I am leading a project titled ‘Greenmentality: A Political Ecology of the Green Economy’, which is studying how green economy ideas are being implemented in East Africa and India. The primary objective is to investigate three distinct forms of green governmentality (ecotourism, carbon forestry and climate-smart agriculture) and their reactions from below in selected cases. We are interested in how green economy ideas travel from international conferences and policy papers through national institutions to practical implementation at the local level, what the impact of these practices are, and how people on the ground respond to them through participation and adaptation or various forms of resistance.

  • Is political ecology a useful conceptual approach for understanding global environmental change?

Political ecology typically aims to study the global through a focus on the local. The idea is that one can study global (environmental) processes through detailed case studies where one tries to follow the influences of power and money to other scales. Political ecology has a long history of criticising Malthusian perspectives on environmental change in which population growth and resource scarcity are seen as the driving forces. Instead, there is a focus on political economy factors such as access, rights and distribution as key to understanding change, while keeping an eye on natural fluctuations and the agency of nature. In addition, political ecology often aims to study environmental change both at the level of meaning as well as at the material level and to see how these levels are linked. This is certainly an ambitious research agenda that doesn’t always succeed!

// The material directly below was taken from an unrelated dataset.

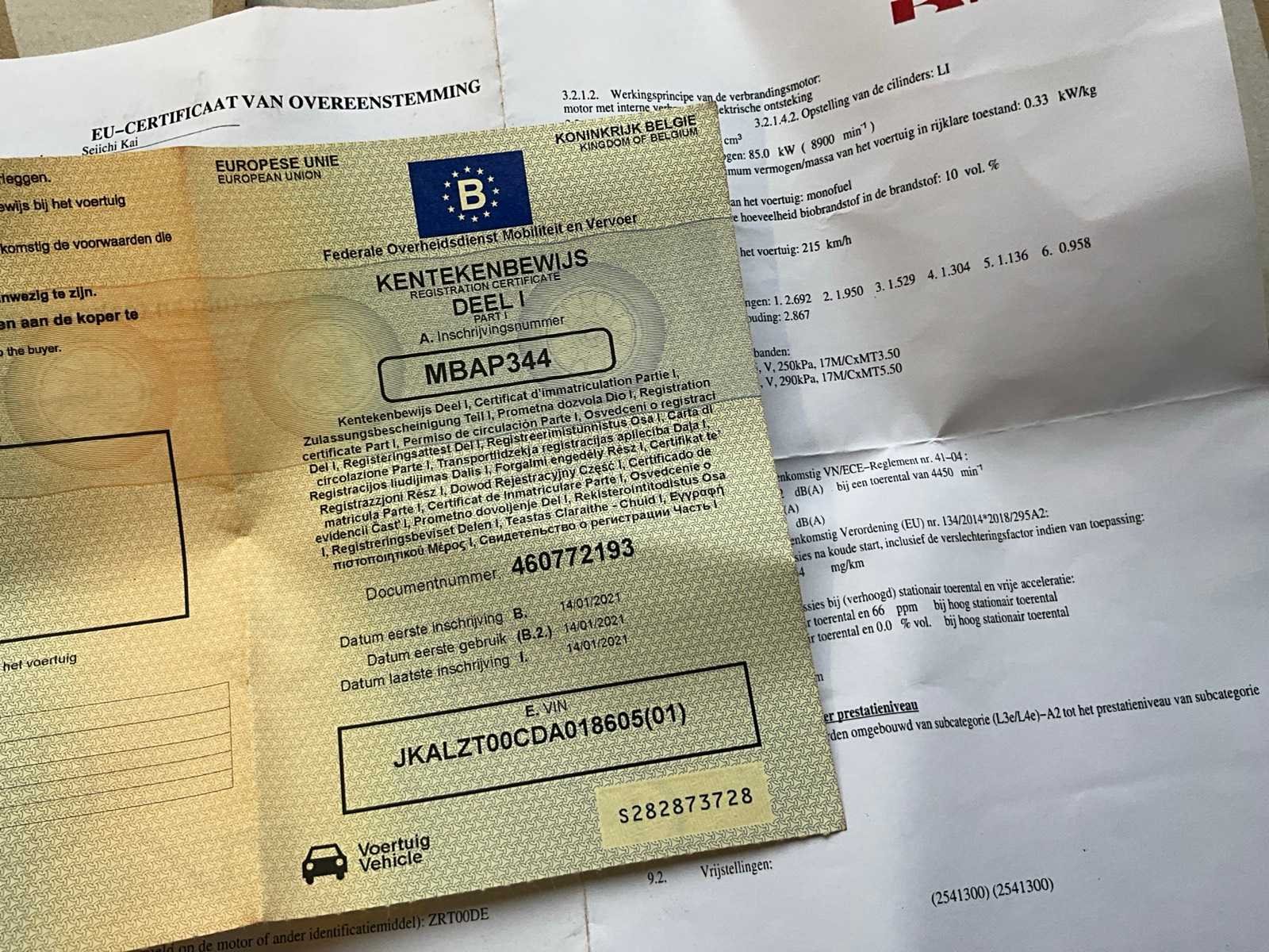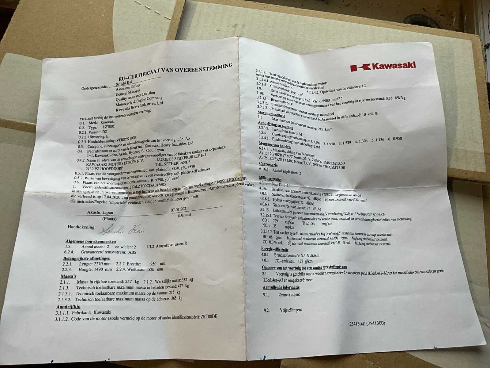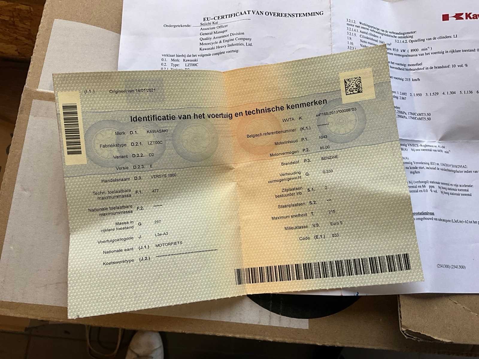 🏍️ Kawasaki Versys 1000 SE (LZT 1000 SE) Merk: Kawasaki Model: LZT 1000 SE Type: Versys 1000 SE Kenteken: MBAP344 Brandstof: Benzine Chassisnummer (VIN): JKALZT00CDA018605(01) Cilinderinhoud: 1043 cc Vermogen: 85,00 kW (≈ 116 pk) Kleur: Groen / Zwart metallic Afgelezen tellerstand: 1.709 km Transmissie: Quikshift (automatische op/afschakeling zonder koppeling) Aantal sleutels: 2 Datum eerste toelating: 14/01/2021 Bouwjaar: 2021 Gewicht (rijklaar): 257 kg Max. snelheid: 215 km/u Koetswerktype: Motorfiets Voertuigcategorie: L3e-A3 Brandstofverbruik: 5,5 l/100 km Milieuklasse: Euro 5 CO₂-uitstoot: 128 g/km Boekjes/documenten aanwezig: Ja Handelsbenaming: Versys 1000 SE Nationale aard documenten: BE 📦 Uitvoering & opties Kleur “Emerald Green / Metallic Black” Quikshift up/down 2 sleutels Topkoffer ABS, KQS (Kawasaki Quick Shifter) TFT-display met Sport/Touring modes LED-verlichting Handvatverwarming Cruise control Verstelbaar windscherm Nee Merk: Kawasaki Model: LZT 1000SE Type: Versys 1000 SE Brandstof: Benzine Chassisnummer: JKALZT00CDA018605(01) Cilinderinhoud: 1043cc Datum eerste toelating: 14012021 Gewicht: 257kg Vermogen (kW): 85kW Kleur: Groen / Zwart metallic Afgelezen kilometerstand: 1709km Transmissie: Quikshift (automatische op/afschakeling zonder koppeling) Handelsbenaming: Versys 1000 SE Nationaliteit documenten: Belg Boorddocumenten aanwezig?: true Aantal sleutels: 2 Bouwjaar: 2021

  • Why did you become interested in researching the relationships between conflict and environmental change?

A large part of my research has taken place in the African Sahel, in particular in Mali, where fluctuations in rainfall have caused considerable environmental change during the last few decades. During the droughts of the 1980s, this change was called ‘desertification’, but later rainfall has increased again leading to a re-greening of the Sahel. These drylands are also hotspots of land-use conflicts and in policy-making and media presentations there is a tendency to portray these conflicts as being caused by natural resource scarcity. This means that while there has been a greening of the Sahel, policy-makers and journalists still pretend that widespread desertification is taking place and that this is causing conflicts. I find this contradiction intriguing and interesting.

E.J. Milner-Gulland

  • What is the focus of your current project?

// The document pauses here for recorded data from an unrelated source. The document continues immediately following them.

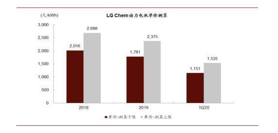 圖表:我們觀察到LG Chem動力電池價格于1Q20有較大幅度的下降
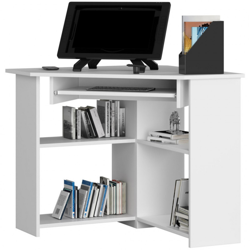 Scurta descriere Biroul colt TED este o solutie practica si moderna pentru spatii de lucru compacte, oferind confort si functionalitate in acelasi timp. Blatul generos permite asezarea monitorului, a documentelor si a accesoriilor de birou, in timp ce rafturile integrate ofera spatiu suplimentar pentru organizare eficienta. Construit din placa laminata rezistenta la uzura si cu margini protejate prin banda ABS, biroul garanteaza durabilitate si rezistenta in timp. Designul sau alb, cu finisaj mat, aduce luminozitate si eleganta in orice incapere – fie ca este vorba despre un birou de acasa sau un spatiu de studiu.
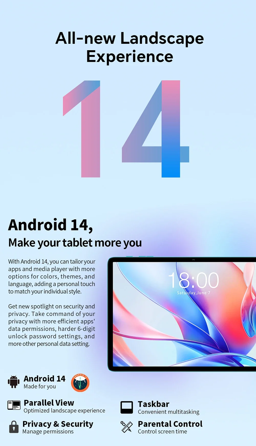 운영 체제: 글로벌 버전, Android 14, 다중 언어 지원
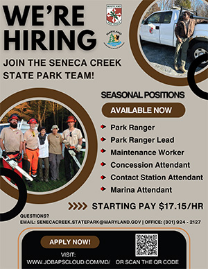 New maps of the trails at Seneca Creek State Park can be downloaded for free from this website. Please make sure to read the printing instructions and information for how to download the file to cell phones. The maps are in a PDF format that requires Adobe Reader.
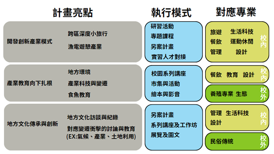 ●計畫在執行面上預期達到三個面向的發展,包含:1.開發創新產業模 式,其中一為跨區的深度小旅行,二為漁電共生遊憩活動機會發展。2.產業教育向下扎根,以活動企劃及講座方式推廣在地養殖或捕撈產業的知 識。3.地方文化傳承與創新,傳承場域現有文化,讓地方不僅有產業,且 能承先啟後、鑒往知來,面對未來環境變遷之挑戰。
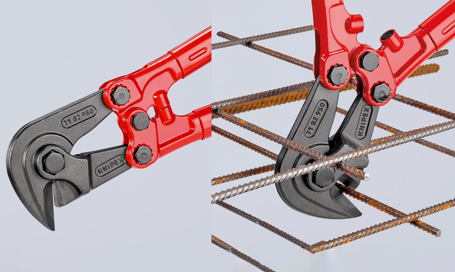 Mattenschneider für Baustahl, rot lackiert, Schneidleistung bis 40 HRc. Messer- und Rohrkopf aus Spezialstahl, gesenkgeschmiedet. Geringer Trennkraftaufwand, sicheres Greifen flach liegender Baustähle, nachstellbare und auswechselbare Messer.
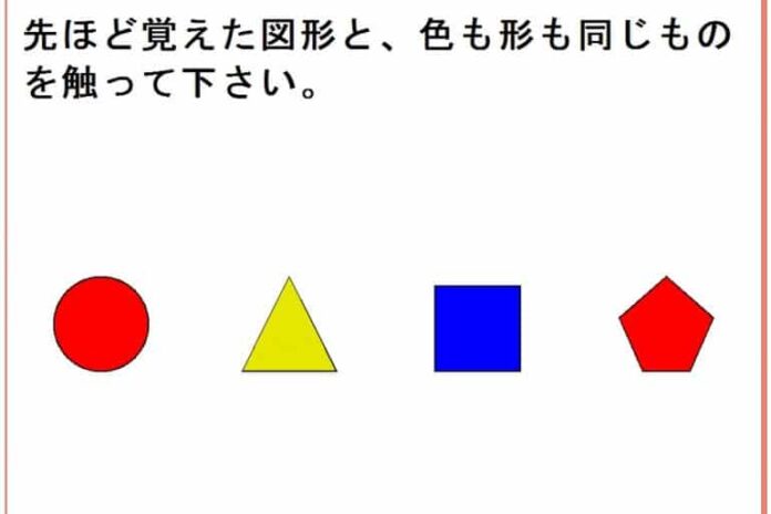 The computerized assessment battery for cognition (C-ABC). The figures-recognition memory test is shown: “please touch the figures with same color and shape as those presented before.” Credit: Kanazawa University

I have a few projects relevant to BIOSEC, linked by an overarching interest in understanding the motivations of individual people who are involved in the wildlife trade. We focus on the two ends of the commodity chain. One set of projects tries to understand the relationships between people and wildlife in rural areas of the developing world (mostly in sub-Saharan Africa), and the effects of conservation interventions on these relationships. For example what role does hunting play in people’s livelihoods, and how can conservation interventions be designed so as to have positive impacts both socially and in conservation terms. At the other end, I’ve just started a project to understand consumer behaviour towards illegal wildlife products in Asia; we will monitor trade in these products (both online and in physical markets), understand how illegal products fit within the broader purchase landscape for these consumers, and explore how to design effective interventions that can change people’s behaviours.

  • What first ignited your interest in illegal wildlife trade?

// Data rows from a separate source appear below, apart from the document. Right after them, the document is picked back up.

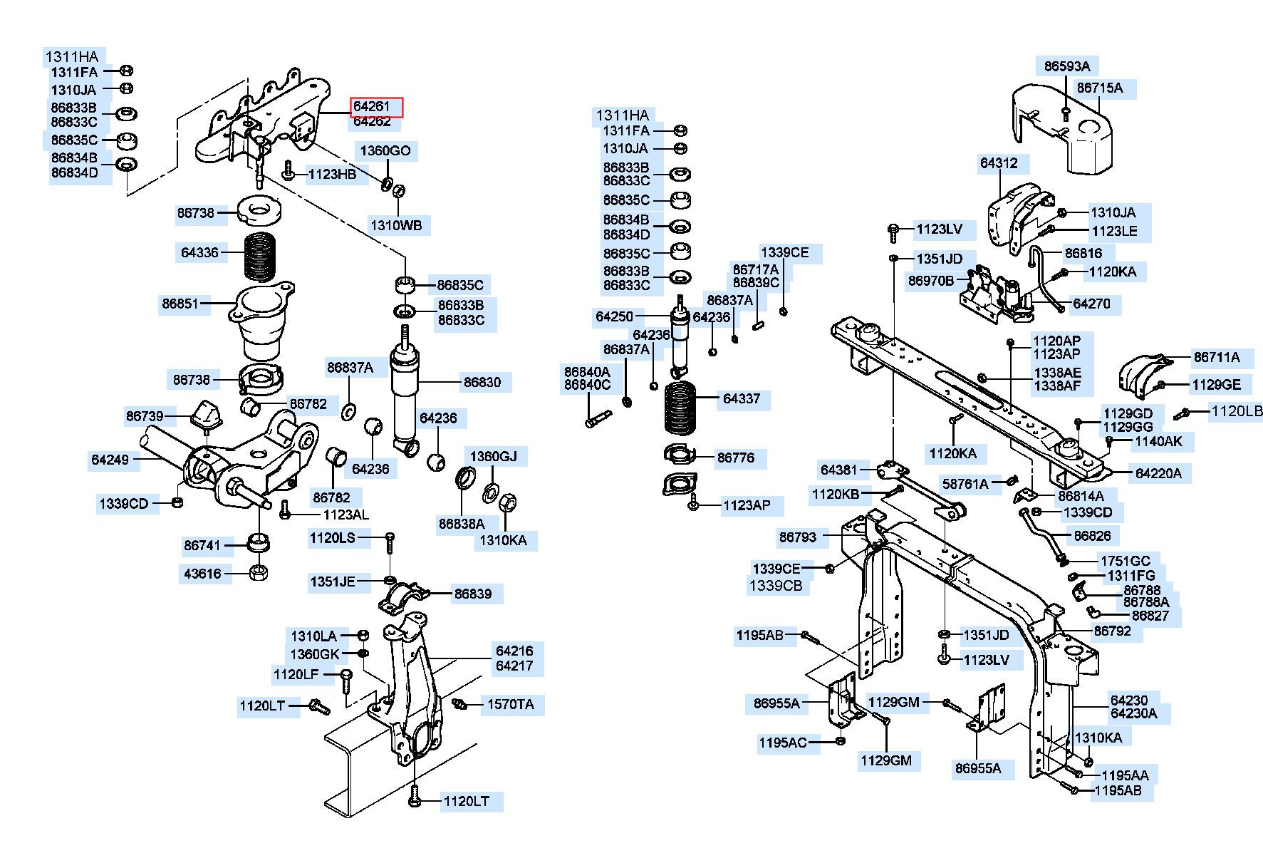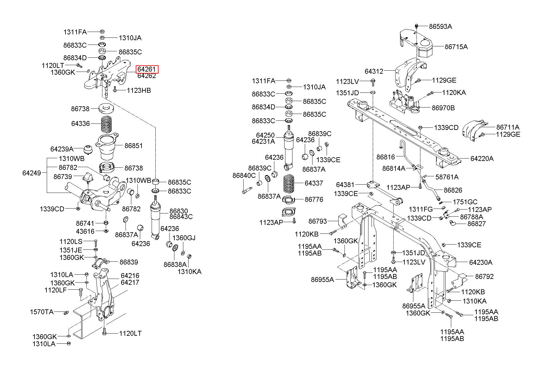 Part number from HYUNDAI (HT), SUPER TRUCK(4X2) 98 : 642617A051 (64261-7A051)
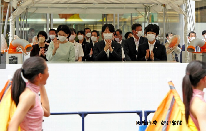 それでも秋篠宮ご夫妻も悠仁さまも嫌な顔ひとつせず、にこやかにパレードを見ている姿には感心しました。暑くても我慢して不快感を与えない、皇族とは人並外れた忍耐を伴うものなのですね。パレードに参加している生徒さんたちも、同じ高校生の悠仁さまに見て拍手して頂いて嬉しかったでしょうねぇ。
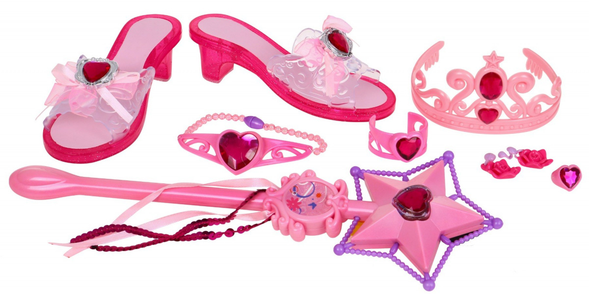| - 2 x pantofle (délka cca. 19 cm, šířka přibližně. 7 cm, výška podpatku přibližně. 4 cm), - interaktivní hůlka (cca. 15,5 cm x 11,5 cm), - diadém, - náhrdelník, - náramek, - 2 x náušnice, - prsten. | |
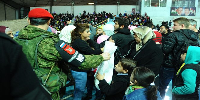 وأعرب عدد من المكرمين عن شكرهم لروسيا ومساندتها سورية جيشاً وشعباً في حربها ضد الإرهاب.

I first got into this field during my PhD in the late 1980s. That was a time when the ivory trade in particular was of major public concern at the international level, and I was just starting my PhD with an interest in wildlife population dynamics and conservation. My supervisor happened to have a contract to work with CITES to understand the effect of the ivory trade on elephant population dynamics, and he brought me in on it in my first term as a PhD student. It was fascinating, but also a rather brutal introduction to the world of international conservation politics – the ivory debates now give me a strong sense of deja vu! After my PhD I continued working on issues around hunting and human motivations, but in less high profile areas such as bushmeat; I have been drawn back into the big international debates on trade in species like rhinos and elephants now, but I feel much more confident to engage now after 25 years working in the field than I did then as a young student!

  • What do you think are the most pressing issues in the illegal wildlife trade?

I think we need to separate out urgency from long-run importance, and also think about how we can be proactive rather than reactive. Although people feel an urgent need to clamp down on the illegal wildlife trade in order to save species, we also need to realise that conservation takes time to work, and the people who are actually affected by conservation need to support it if it is to have any chance of long-run success. So for me the most important thing is to ensure that interventions at the supply end (e.g. around African protected areas) are designed properly, in a participatory way, so that they have a chance of working into the long run. They need to be tied in with wider societal issues like land tenure and human rights. I am less concerned about clamping down hard on international criminal networks who are profiteering from the abuse of the rights and heritage of the people whose wildlife is being decimated. But at the consumer end, we need to understand and respect the reasons why people are consuming wildlife products, and work with their perspectives, needs and desires rather than against them; again, that’s the way to have long-run success. There also needs to be a concerted effort towards making international conservation policy-making more effective and more evidence-based; this means everyone working to understand others’ perspectives and taking a clear-eyed look at what the uncertainties and evidence gaps are, rather than theorising in abstract or going with their gut feeling about how things should work.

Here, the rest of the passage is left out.